Trigonometry/Some preliminary results

We prove some results that are needed in the application of calculus to trigonometry.

Theorem: If θ is a positive angle, less than a right angle (expressed in radians), then 0 < sin(θ) < θ < tan(θ).

Proof: Consider a circle, centre O, radius r, and choose two points A and B on the circumference such that angle AOB is less than a right angle.

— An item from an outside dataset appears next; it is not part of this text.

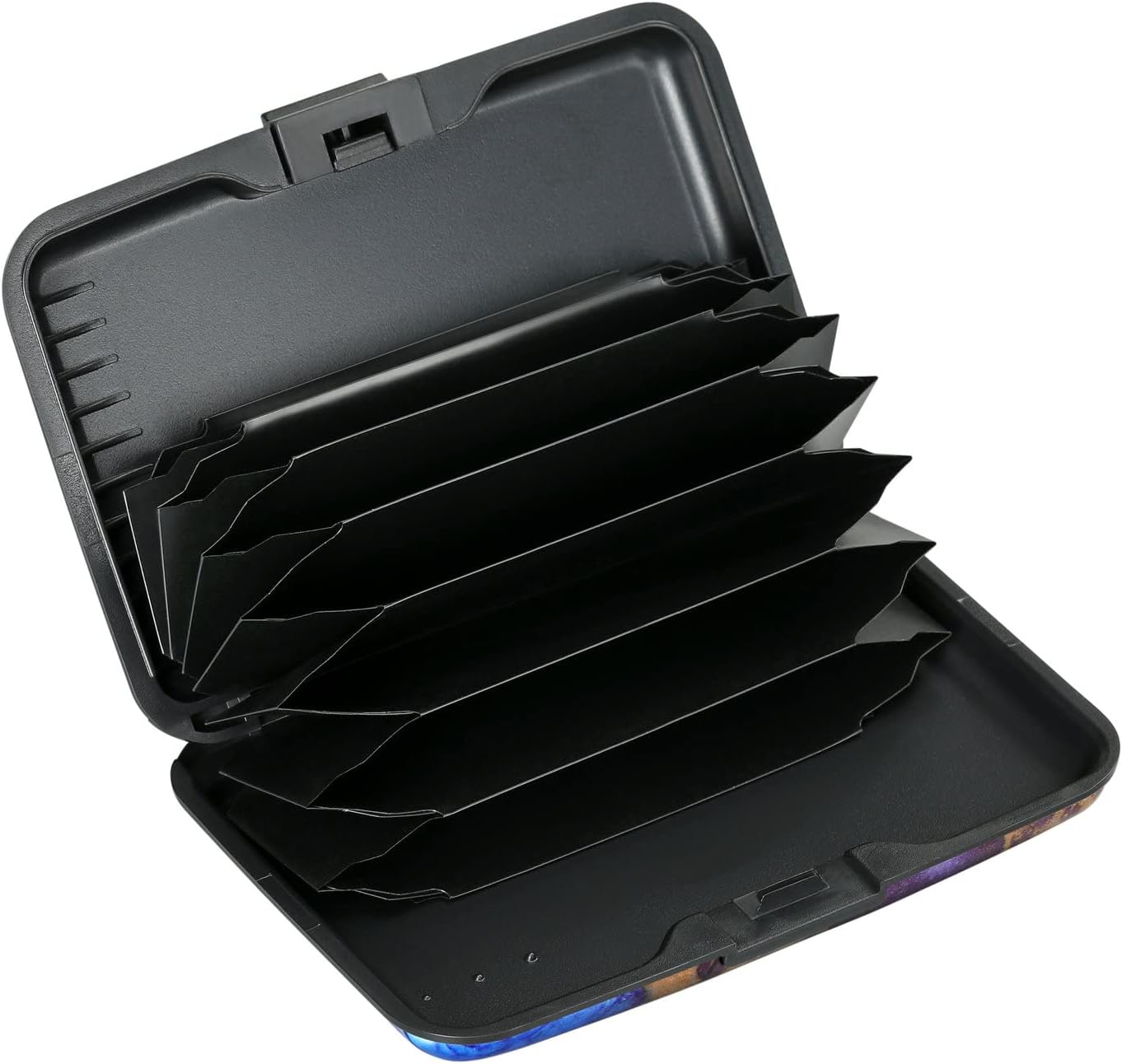 - This credit card holder is made of aluminum shells, ABS plastic frame and clasp closure, RFID-blocking will protect your card data from RFID scanners and readers.

Draw a tangent to the circle at B, and let OA produced intersect it at C. Clearly

0 < area(Δ OAB) < area(sector OAB) < area(Δ OBC)

i.e.

0 < ¹⁄₂r²sin(θ) < ¹⁄₂r²θ < ¹⁄₂r²tan(θ)

and the result follows.

Corollary: If θ is a negative angle, more than minus a right angle (expressed in radians), then 0 > sin(θ) > θ > tan(θ). (This follows from sin(-θ) = -sin(θ) and tan(-θ) = -tan(θ).)

Corollary: If θ is a non-zero angle, less than a right angle but more than minus a right angle (expressed in radians), then 0 < |sin(θ)| < |θ| < |tan(θ)|.

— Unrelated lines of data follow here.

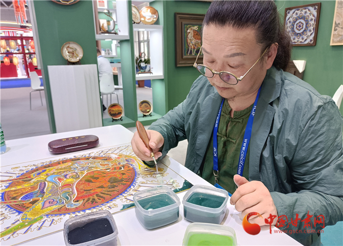 深圳文博會(huì)首日,李海明選擇現(xiàn)場(chǎng)制作九色鹿掐絲琺瑯畫(huà)。
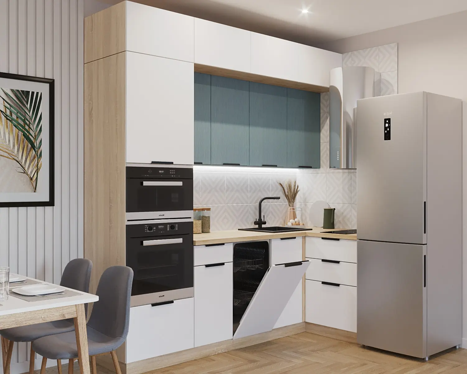 Магазин мебели «100Диванов» предлагает купить Кухонный гарнитур арт. 6 Тальк РоялВуд Голубой 2450х1200 мм в Югорске по выгодным ценам от производителя с доставкой.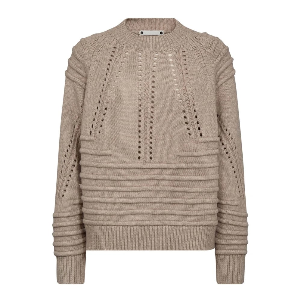 Co'Couture, Stickade Tröjor , Dam, M, Grå ulltröja med O-Neck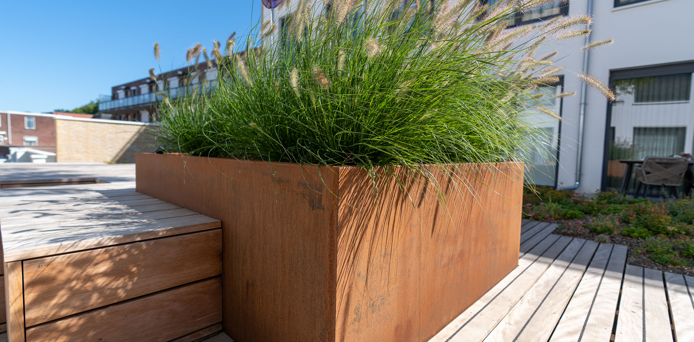 - Donice ze stali kortenowskiej są bardzo wytrzymałe, odporne na warunki atmosferyczne i trwałe, a przy tym wymagają jedynie nieznacznej konserwacji.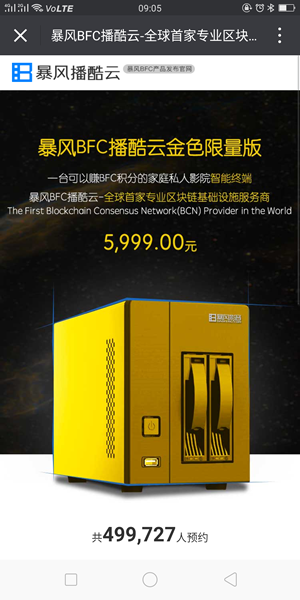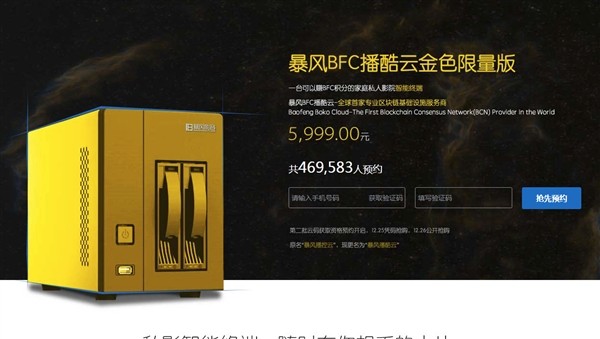 12月8日,暴风集团旗下暴风新影公司推出了一款暴风BFC播酷云(原名播酷云),价格定为5999元,首批2000台5分钟内销售一空。今天开启第二批预约,12月26日公开抢购。

Theorem: As ${\displaystyle \theta \rightarrow 0,{\frac {\sin(\theta )}{\theta }}\rightarrow 1}$ and ${\displaystyle {\frac {\tan(\theta )}{\theta }}\rightarrow 1}$.

Proof: Dividing the result of the previous theorem by sin(θ) and taking reciprocals,

${\displaystyle 1>{\frac {\sin(\theta )}{\theta }}>\cos(\theta )}$.

But cos(θ) tends to 1 as θ tends to 0, so the first part follows.

Dividing the result of the previous theorem by tan(θ) and taking reciprocals,

${\displaystyle {\frac {1}{\cos(\theta )}}>{\frac {\tan(\theta )}{\theta }}>1}$.

Again, cos(θ) tends to 1 as θ tends to 0, so the second part follows.

Theorem: If θ is as before then ${\displaystyle \cos(\theta )>1-{\frac {\theta ^{2}}{2}}}$.

Proof:

${\displaystyle \cos(\theta )=1-2\sin ^{2}\left({\frac {\theta }{2}}\right)}$

${\displaystyle \sin \left({\frac {\theta }{2}}\right)<{\frac {\theta }{2}}{\text{ so}}}$

${\displaystyle \cos(\theta )>1-2\left({\frac {\theta }{2}}\right)^{2}=1-{\frac {\theta ^{2}}{2}}}$.

Theorem: If θ is as before then ${\displaystyle \sin(\theta )>\theta -{\frac {\theta ^{3}}{4}}}$.

Proof:

${\displaystyle \sin(\theta )=2\sin \left({\frac {\theta }{2}}\right)\cos \left({\frac {\theta }{2}}\right)=2\tan \left({\frac {\theta }{2}}\right)\cos ^{2}\left({\frac {\theta }{2}}\right)}$.

${\displaystyle \tan \left({\frac {\theta }{2}}\right)>{\frac {\theta }{2}}{\text{ so}}}$

${\displaystyle \sin(\theta )>2\left({\frac {\theta }{2}}\right)\cos ^{2}\left({\frac {\theta }{2}}\right)=\theta \left(1-\sin ^{2}\left({\frac {\theta }{2}}\right)\right)}$.

${\displaystyle \sin \left({\frac {\theta }{2}}\right)<{\frac {\theta }{2}}{\text{ so}}}$

${\displaystyle 1-\sin ^{2}\left({\frac {\theta }{2}}\right)>1-\left({\frac {\theta }{2}}\right)^{2}{\text{ so}}}$

${\displaystyle \sin(\theta )<\theta \left(1-\left({\frac {\theta }{2}}\right)^{2}\right)=\theta -{\frac {\theta ^{3}}{4}}}$.

Theorem: sin(θ) and cos(θ) are continuous functions.

Proof: For any h,

${\displaystyle |\sin(\theta +h)-\sin(\theta )|=2|\cos \left(\theta +{\frac {h}{2}}\right)||\sin \left({\frac {h}{2}}\right)|<h}$,

since |cos(x)| cannot exceed 1 and |sin(x)| cannot exceed |x|. Thus, as

${\displaystyle h\rightarrow 0,\,\sin(\theta +h)\rightarrow \sin(\theta )}$,

proving continuity. The proof for cos(θ) is similar, or it follows from

${\displaystyle \cos(\theta )=\sin \left({\frac {\pi }{2}}-\theta \right)}$.